The Ministry of Finance concludes that during the transition period 2012-2013. a transaction may be controlled, but there may be no obligation to submit a notification in relation to it, and provisions on the preparation of documentation by taxpayers and on the inspection of the Federal Tax Service on transactions may not apply.

Our company’s proposals for generating notifications of controlled transactions

Company " OVIONT INFORM» offers three options for software solutions for preparing notifications of controlled transactions in electronic form for sending to the tax authorities. Information on such transactions, as a rule, is already contained in the taxpayer’s accounting programs and databases, and software allows you to generate an electronic file for sending, automating and simplifying the process of its preparation as much as possible for the user.

One of the main problems with generating notifications is the large volumes of data that large companies will need to enter into the document. First of all, this concerns section 1B of the notification, which reflects information about the subjects of controlled transactions. The choice of the appropriate software solution from those offered by our company depends on the amount of data to be filled in:

Option 1. Approximately up to 200 entries in Section 1B about the subjects of transactions, which can be entered manually into the Balance-2W program.

The next two options involve first obtaining a data table with information for notification of controlled transactions selected from the taxpayer's accounting programs in a standardized form for the software offered below.

Option 2. Approximately up to 3 thousand records in Section 1B on the subjects of controlled transactions: it is proposed to use the Balance-2W program and its mechanisms for transferring a standardized table with notification data via the clipboard, performing group modes for assigning values ​​and posting information to notification sections.

Option 3. More than 3 thousand entries in Section 1B about the subjects of controlled transactions. A separate specialized program is used to process such data.

In addition, we offer our clients services for finalizing and preparing electronic files of notifications of controlled transactions.

Determining the share of direct participation of one organization in another is necessary to establish the interdependence of persons for the purposes of application transfer pricing control and definitions controlled debt <*> .

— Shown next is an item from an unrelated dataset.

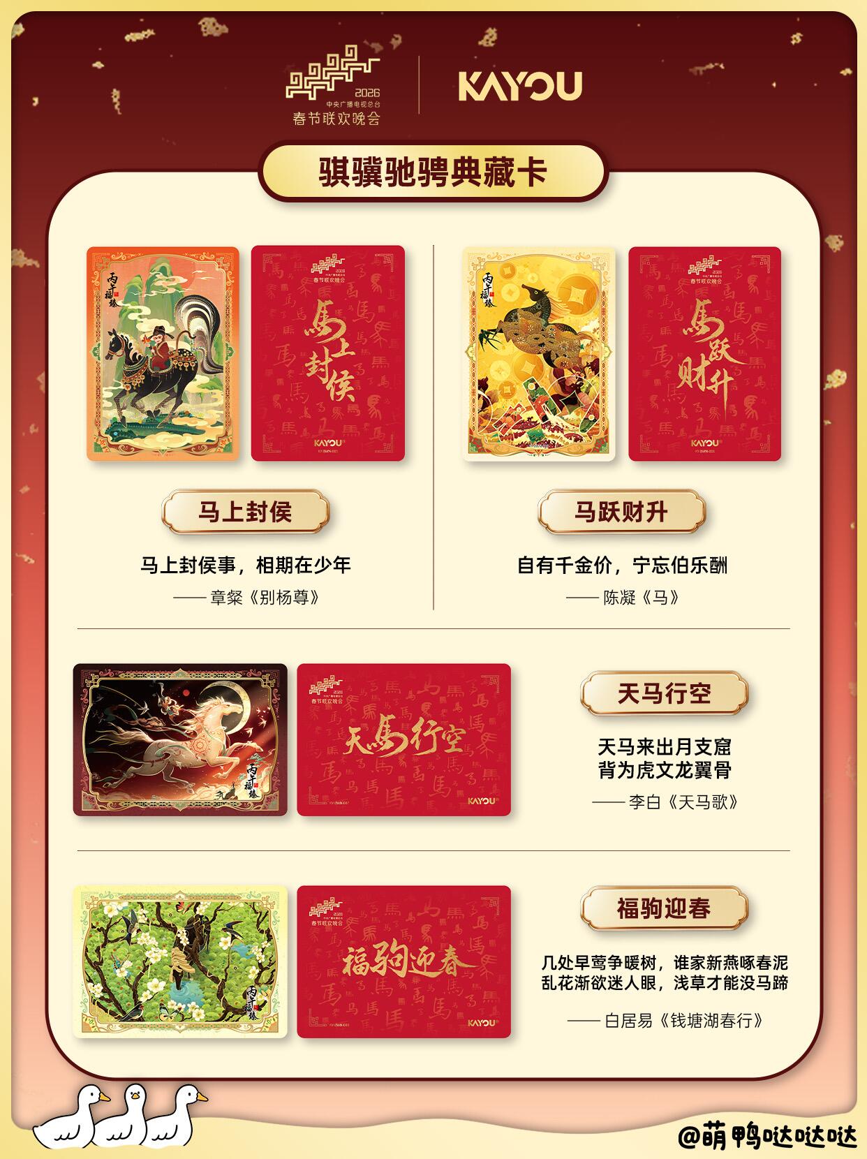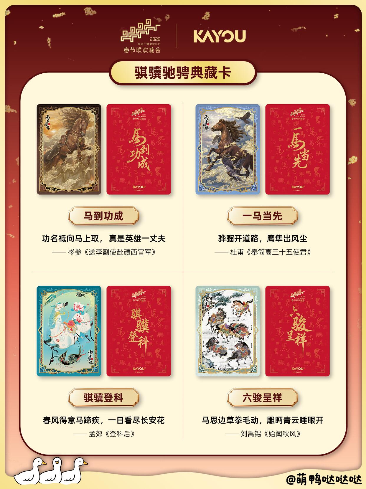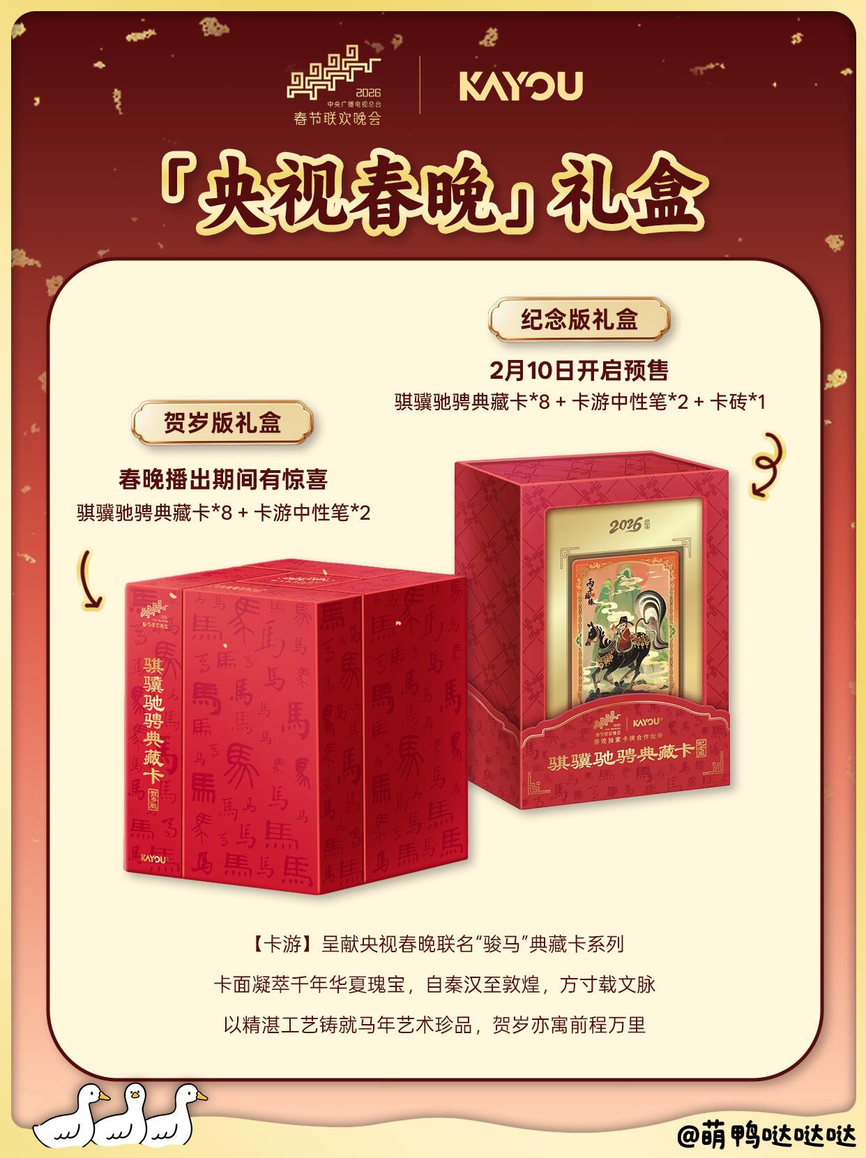 典藏骐骥,好势马上来! 姐妹们看过来~2026总台春晚和卡游合作的典藏卡礼盒来啦!作为春晚du家卡牌合作,这次以“骐骥”为韵,文化含金量直接拉满,寓意新年一路向前🐎✨

One of the main criteria for recognizing persons as interdependent is the presence of a share of direct and (or) indirect participation of one organization in another at least 20% <*> .

The share of participation of one organization in another organization is determined as a percentage using the following formula<*> :

When determining direct participation shares one organization in another organization, 3 cases can be distinguished<*> :

1. Direct participation interest is recognized share of shares owned by one organization in another organization.

If an organization owns shares of a joint stock company (JSC), this means that it has a direct stake in the JSC.

The authorized capital of a joint-stock company should not be lower than the minimum value (the minimum is determined based on the base value (BV)). In addition, the number of shareholders in a closed joint-stock company is limited<*> :

There are promotions:

- simple (ordinary),

- privileged.

Preferred shares (their share <= 25%) may be produced in one or more types. Types of preferred shares differ in the scope of the rights they certify and can be either “voting” or “non-voting”<*> .

Attention!
In Art. 20 Tax Code does not stipulate categories (types) of shares. In this regard, for the purpose of determining the interdependence of persons, the calculation of the share of direct participation includes All promotions regardless of category and type.

Example. Calculation of the share of direct participation in a joint stock company

The authorized capital of CJSC “A” is 20,000 rubles. and divided:

— for common (ordinary) shares — 160 pcs. with a nominal value of 100 rubles. for a total amount of 16,000 rubles;

— preferred shares — 20 pcs. with a nominal value of 200 rubles. for a total amount of 4000 rubles.

The shares are distributed among shareholders as follows:

Shareholders Common shares Preference shares Total shares / UV size
PC. rub. PC. rub. PC. rub.
"B" 50 5000 5 1000 55 6000
"IN" 70 7000 15 3000 85 10000
"G" 40 4000 40 4000
Total: 160 16000 20 4000 180 20000

When calculating direct participation shares in CJSC “A”, both ordinary and preferred shares of the owners are taken into account:

2. Direct participation interest is recognized a share owned by one organization in the authorized capital (CF) of another organization. In particular, this applies to cases where an organization has made a contribution to the MF of a business entity (LLC, ALC) or acquired a share in the MF.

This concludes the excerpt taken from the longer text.